**TASK TO CARRY OUT**:
What the response needs is every record, repeated verbatim, and no images.

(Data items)
•••

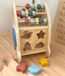 Das Spielzeug hilft, feinmotorische Fähigkeiten durch interaktive Elemente wie Perlen und Formensortierung zu entwickeln.
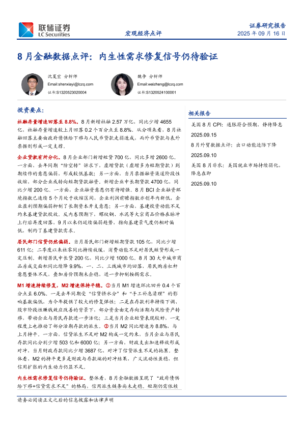 【联储证券】【202509】8月金融数据点评:内生性需求修复信号仍待验证-11页
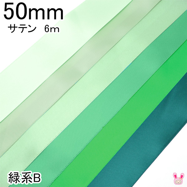 50mm 両面サテンリボン 6m 緑系B
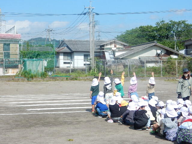 串間警察署と交通安全協会の方をお呼びして、交通安全教室を行いました。(画像は、1・2年生の様子です。)
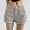 Shorts Sexy de Cintura Baixa 2025 Verão Nova Moda Versátil Hot Girl Alongadores de Pernas Listrados Finos Jeans Atacado
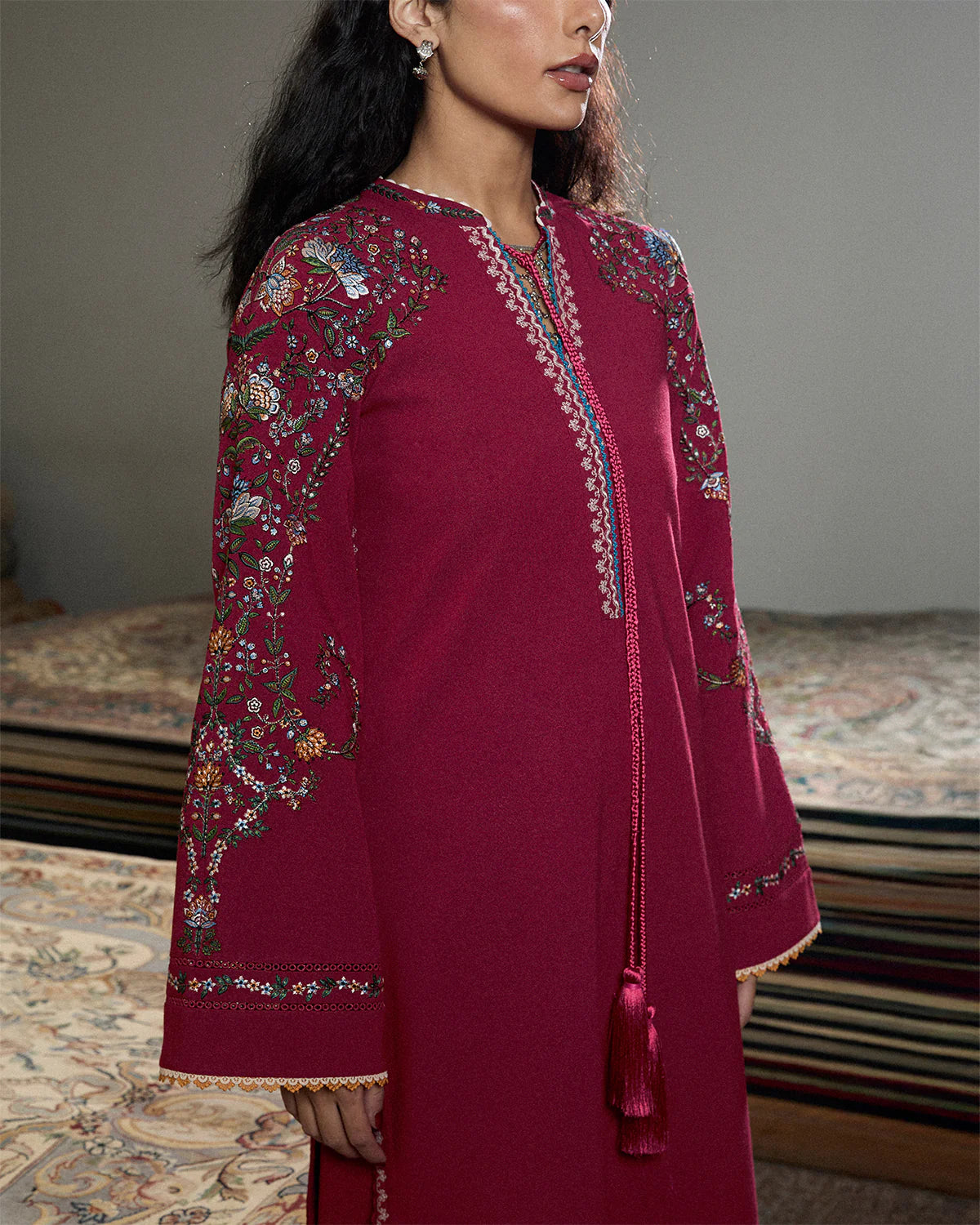 Description: The outfit features a carrot-red shirt adorned with intricate multicolor floral embroidery, radiating traditional elegance. The sleeves echo the same floral motifs, creating a harmonious and refined look, while matching carrot-red shalwar carries the embroidery for a cohesive silhouette. A poly wool printed shawl completes the ensemble, adding texture and a graceful, timeless finish to the traditional attire.

•••

**RESULT OF THE TASK**:
 Das Spielzeug hilft, feinmotorische Fähigkeiten durch interaktive Elemente wie Perlen und Formensortierung zu entwickeln.
 【联储证券】【202509】8月金融数据点评:内生性需求修复信号仍待验证-11页
 50mm 両面サテンリボン 6m 緑系B
 串間警察署と交通安全協会の方をお呼びして、交通安全教室を行いました。(画像は、1・2年生の様子です。)
 Shorts Sexy de Cintura Baixa 2025 Verão Nova Moda Versátil Hot Girl Alongadores de Pernas Listrados Finos Jeans Atacado
 Description: The outfit features a carrot-red shirt adorned with intricate multicolor floral embroidery, radiating traditional elegance. The sleeves echo the same floral motifs, creating a harmonious and refined look, while matching carrot-red shalwar carries the embroidery for a cohesive silhouette. A poly wool printed shawl completes the ensemble, adding texture and a graceful, timeless finish to the traditional attire.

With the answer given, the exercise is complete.